In conducting our case-specific analysis of fair use in light of the purposes of copyright, we must weigh Google's superseding and commercial uses of thumbnail images against Google's significant transformative use, as well as the extent to which Google's search engine promotes the purposes of copyright and serves the interests of the public. Although the district court acknowledged the "truism that search engines such as Google Image Search provide great value to the public," the district court did not expressly consider whether this value outweighed the significance of Google's superseding use or the commercial nature of Google's use. The Supreme Court, however, has directed us to be mindful of the extent to which a use promotes the purposes of copyright and serves the interests of the public.

It then concluded that the public benefit had the greater weight here:

We conclude that the significantly transformative nature of Google's search engine, particularly in light of its public benefit, outweighs Google's superseding and commercial uses of the thumbnails in this case. . . . We are also mindful of the Supreme Court's direction that "the more transformative the new work, the less will be the significance of other factors, like commercialism, that may weigh against a finding of fair use.

The Ninth Circuit's treatment of transformativeness and fair use in the Arriba Soft and Perfect 10 cases illustrates different data points on the copyright infringement spectrum, at least with respect to transformativeness and fair use. Arriba Soft was a relatively polar case. The harm to Kelly, the copyright owner, was negligible; it was hardly more than his hurt feelings. Thus, the Ninth Circuit said in its opinion that "Arriba's creation and use of the thumbnails [the derivative work] does not harm the market for or value of Kelly's images." On the other hand, the court found that Arriba's use benefited the public: "Arriba's use of the images serves a different function than Kelly' s use—improving access to information on the internet versus artistic expression." The balance thus tilted strongly in Arriba's favor. This led the Ninth Circuit to be the first court to make the equation highly beneficial to public = transformative, and as the Supreme Court explained in Campbell, the more transformative a derivative use the more likely the use is to be a fair use.
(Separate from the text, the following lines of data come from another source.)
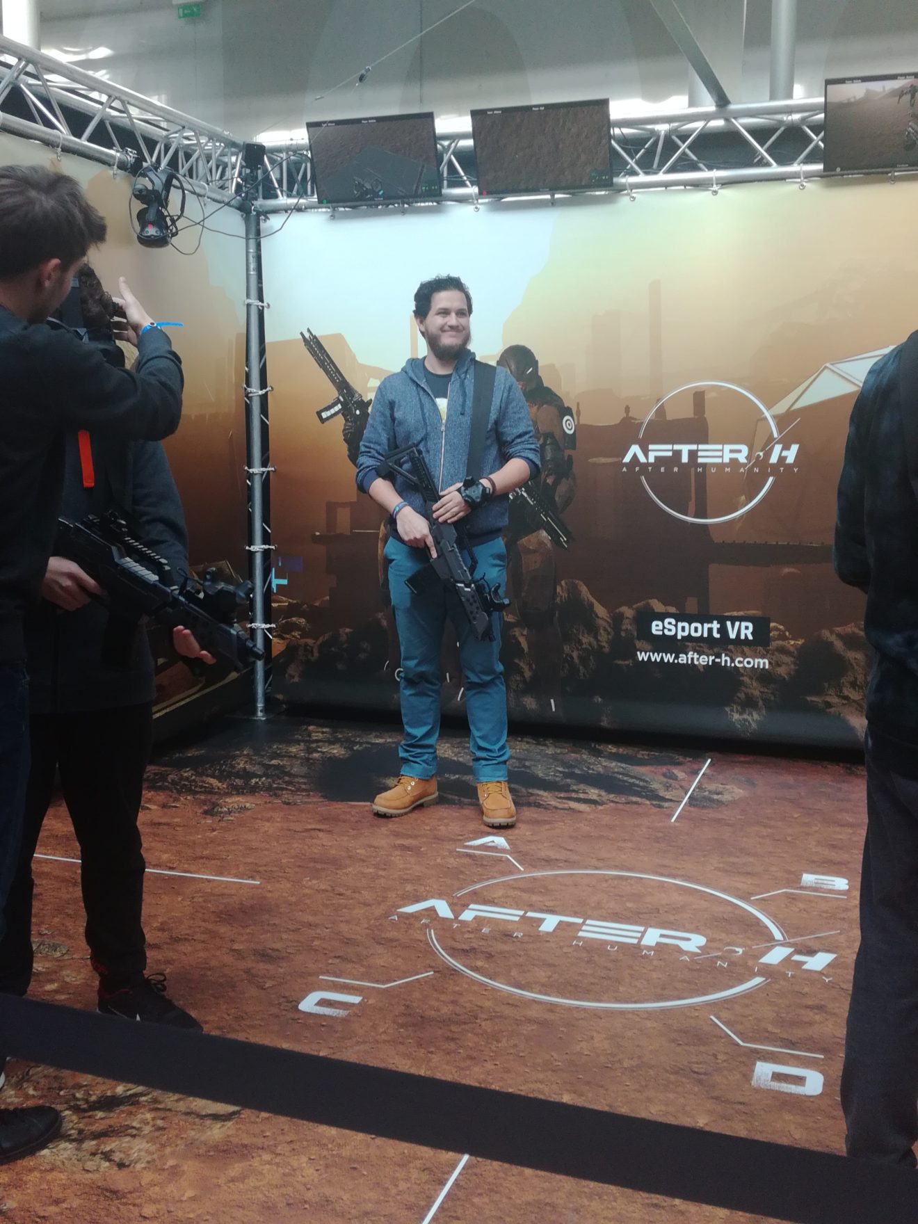 Je me permets une dernière incursion gaming dans ce dossier avec le jeu After H (Smart VR Studio) qui a été le symbole à mes yeux de ce salon. Sur un espace d’environ 5m sur 5m, 4 joueurs équipés d’un casque VR et d’un fusil s’affrontent sur une arène en 2 Vs 2. Le gros fan de FPS que je suis n’a donc pas pu résister à l’envie de tenter sa chance pour se qualifier pour la compétition du jour, car oui, on parle bien ici d’e-sport!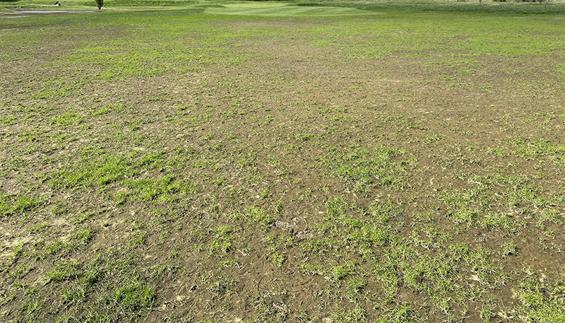 Picture above. A golf course fairway that was submerged in water for over 8 weeks through the winter.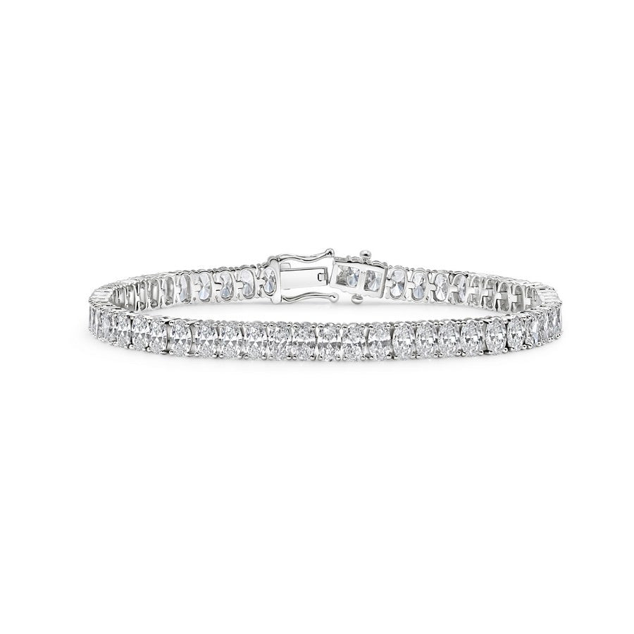 14K white Gold Lab Created Diamond Oval Tennis Bracelet 10 CTW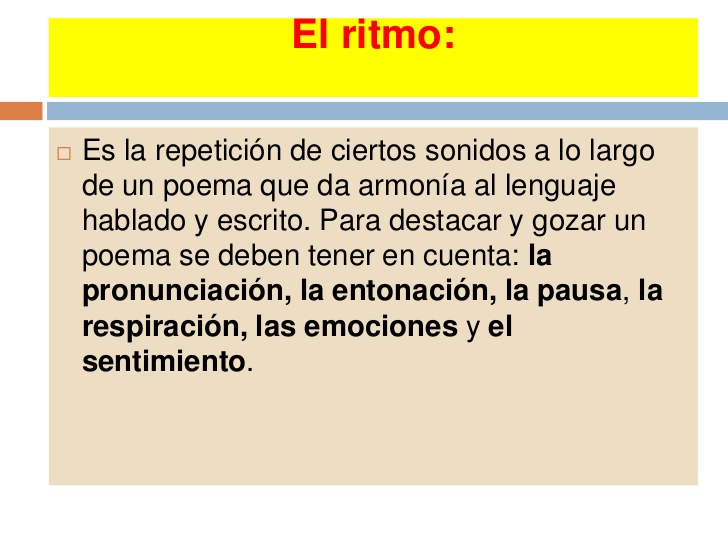 El ritmo en la poesía también es llamado armonía o musicalidad y consiste en la distribución regular de las sílabas acentuadas en un verso para que coincidan con las del verso siguiente o bien con el verso con el que rima lo que le dará musicalidad a la estrofa.

The Campbell Court recognized that the balance may not always be one-sided, as it was in Campbell itself and in Arriba Soft. In the Perfect 10 case the interests were more evenly balanced, for the first time in a derivative work case involving new information technology. Both Google and Perfect 10 seemed to have legitimate interests at stake and support for their respective positions. Thus, there was a finding that "Google's wide-ranging use of thumbnails is highly transformative: their creation and display is designed to, and does, display visual search results quickly and efficiently to users of Google Image Search." But Google's use had some commercial aspects and was claimed to impair P10's commercial interests. Yet, on balance the Ninth Circuit found that the transformativeness outweighed the other fair use factors because "Google has provided a significant benefit to the public" in facilitating image searches by means of thumbnail images.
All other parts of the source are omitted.